- EXERCISE INSTRUCTIONS: For each entry below, please return its exact wording and leave out any picture.
----------
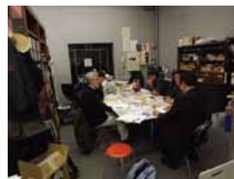
写真38 ARCT (せんだい演劇工房10-BOX)

第二に、津波で被災した施設と九段会館をのぞけば、利用者やスタッフの人的被害（軽傷を除く）は確認されていない。地震発生が金曜日の午後という比較の利用状況が少なかったことはもちろんであるが、避難誘導が各施設の現場スタッフにより迅速かつ適切に行われたことは非常に大きい。他方、スタッフが非常用音響設備に辿りつく前に全員がホワイエに避難した例もあるように、災害時におけるスタッフのアクティビティと施設の関係性を軸に、非常設備を含めた計画対応も視野に入れるべきである。
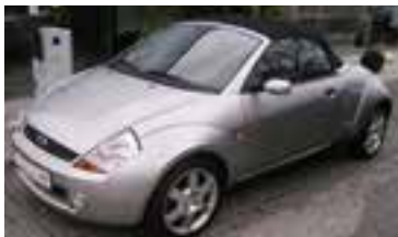
Ford Street KA 1,6, BJ 4/03 , 95 PS, 27.400 km, 2 trg., silber- met, Leder, Klima, el. FH, NSW, FF, LM 16" 06028 € 11.500,-
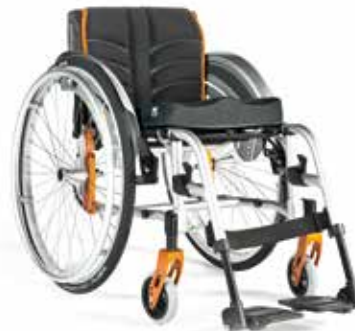
Easy Life RT Swing Away Rahmen mit abnehm- und wegschwenkbarer Fußraste.
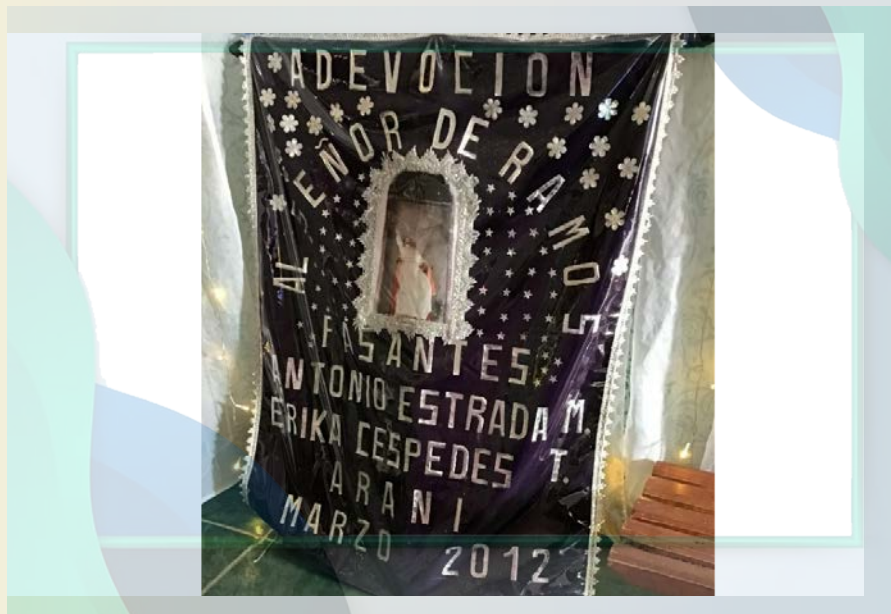
Capilla Chinguri
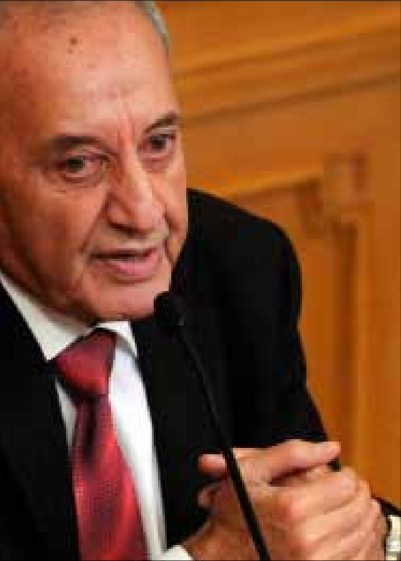
لا اتفاق ثلاثياً ولا رباعياً ولا اصطفاكات سياسية جديدة في البلد

نظراً للظروف التي يمر بها البلد، ولا سيما منطقة الجنوب، تعلن مؤسّسات الإمام الصّدر في صور إلغاء الاحتفال التكريمي الذي كان مقرراً غداً الجمعة 6 تموز 2012
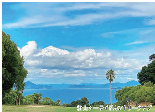
松山シーサイドカントリークラブ
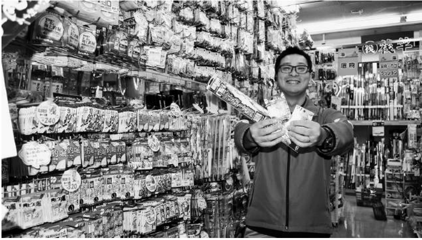
海上釣り堀でお正月用の大物ゲット。専用コーナーでひとそろえ

ポイントカードご入会(新規)で、3000円以上お買い上げの方に、もれなく大手メーカーのお好きなフィッシングカレンダーをプレゼント
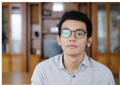
01 Januari 2023 10:25:20 11/12
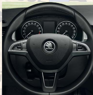
Volant cuir multifonctions radio / téléphone.
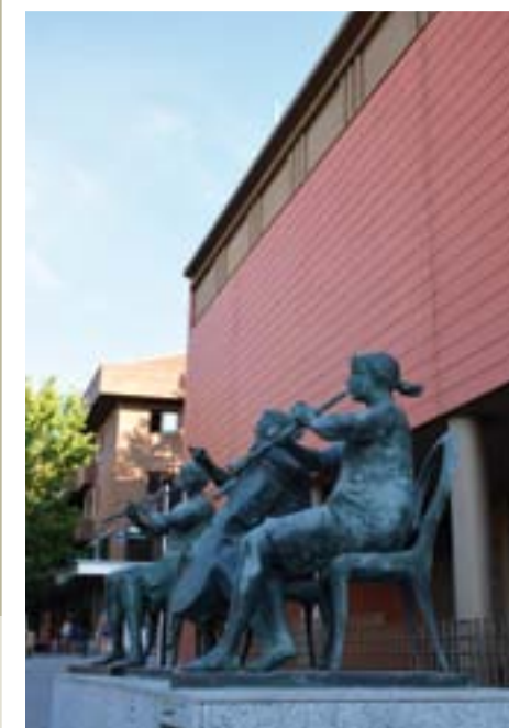
TRIO MUSICAL, OBRA DE JOSÉ CARRILERO (AVENIDA PRÍNCIPE DE ASTURIAS)
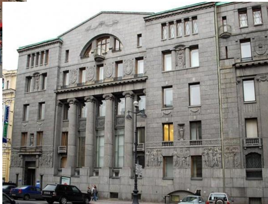
Здание Азовско-Донского банка в СПб
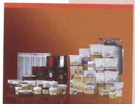
Puratos is een wereldwijde producent van ingrediënten voor brood- en banketbakkers en chocolatiërs

Door de positieve resultaten wordt in de andere vier Belgische vestigingen van Puratos momenteel gestart met hetzelfde proces onder begeleiding van Mainnovation.
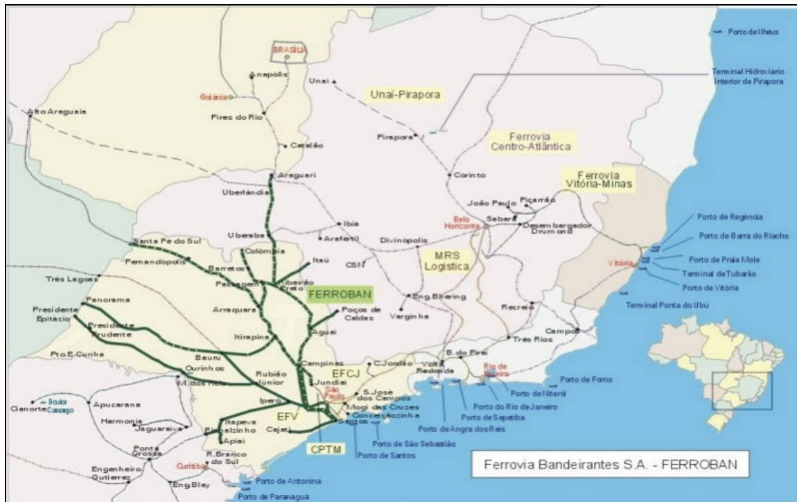
Figura 8: Mapa da Ferrovia Bandeirantes (ANTT, 2006)
----------
- ANSWER:
写真38 ARCT (せんだい演劇工房10-BOX)

第二に、津波で被災した施設と九段会館をのぞけば、利用者やスタッフの人的被害（軽傷を除く）は確認されていない。地震発生が金曜日の午後という比較の利用状況が少なかったことはもちろんであるが、避難誘導が各施設の現場スタッフにより迅速かつ適切に行われたことは非常に大きい。他方、スタッフが非常用音響設備に辿りつく前に全員がホワイエに避難した例もあるように、災害時におけるスタッフのアクティビティと施設の関係性を軸に、非常設備を含めた計画対応も視野に入れるべきである。
Ford Street KA 1,6, BJ 4/03 , 95 PS, 27.400 km, 2 trg., silber- met, Leder, Klima, el. FH, NSW, FF, LM 16" 06028 € 11.500,-
Easy Life RT Swing Away Rahmen mit abnehm- und wegschwenkbarer Fußraste.
Capilla Chinguri
لا اتفاق ثلاثياً ولا رباعياً ولا اصطفاكات سياسية جديدة في البلد

نظراً للظروف التي يمر بها البلد، ولا سيما منطقة الجنوب، تعلن مؤسّسات الإمام الصّدر في صور إلغاء الاحتفال التكريمي الذي كان مقرراً غداً الجمعة 6 تموز 2012
松山シーサイドカントリークラブ
海上釣り堀でお正月用の大物ゲット。専用コーナーでひとそろえ

ポイントカードご入会(新規)で、3000円以上お買い上げの方に、もれなく大手メーカーのお好きなフィッシングカレンダーをプレゼント
01 Januari 2023 10:25:20 11/12
Volant cuir multifonctions radio / téléphone.
TRIO MUSICAL, OBRA DE JOSÉ CARRILERO (AVENIDA PRÍNCIPE DE ASTURIAS)
Здание Азовско-Донского банка в СПб
Puratos is een wereldwijde producent van ingrediënten voor brood- en banketbakkers en chocolatiërs

Door de positieve resultaten wordt in de andere vier Belgische vestigingen van Puratos momenteel gestart met hetzelfde proces onder begeleiding van Mainnovation.
Figura 8: Mapa da Ferrovia Bandeirantes (ANTT, 2006)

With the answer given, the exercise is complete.